The University of Cape Coast has begun research work to produce Ghana’s first gene-edited crop with increased Vitamin A content whiles trying to improve traits in sweet potatoes.
A PhD candidate, Mr. Samuel Acheampong, of the university’s Department of Molecular Biology and Biotechnology has over the last year been working to increase beta carotene (which is a precursor of Vitamin A) content in sweet potato using CRISPR gene-editing technology.

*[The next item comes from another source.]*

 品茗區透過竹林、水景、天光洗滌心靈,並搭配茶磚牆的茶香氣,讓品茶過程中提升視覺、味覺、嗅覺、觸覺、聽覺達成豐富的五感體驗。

The plant breeder explained that CRISPR gene-editing is a technique for modifying the genetic materials of living organisms using an enzyme called Cas9 from bacteria. It is a potential technology for food production and future food security. He noted that gene editing is considered a superior technology to genetically modified organism (GMO) technology because it does not introduce genes from other living organisms into the target crop.
“One thing about gene editing is, it’s a one-time event. Once you introduce the Cas9 (into the genetic material of a targeted organism), the Cas9 cuts the DNA.

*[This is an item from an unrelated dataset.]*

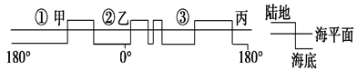4、单选题  下图所示为“23°26′S的海陆分布示意图”,读图回答下题。

“Now, when that cut is made, the organism will repair. And once the repair is done, that is all. Cas9 is just an enzyme, within few minutes or hours, it is degraded and there is no trace of it in the organism again.”
Mr. Samuel Acheampong mentioned that his work entails increasing the beta carotene content in sweet potatoes by using CRISPR-Cas9 to knock out the genes responsible for the production of an enzyme in the sweet potato that converts beta carotene into other products.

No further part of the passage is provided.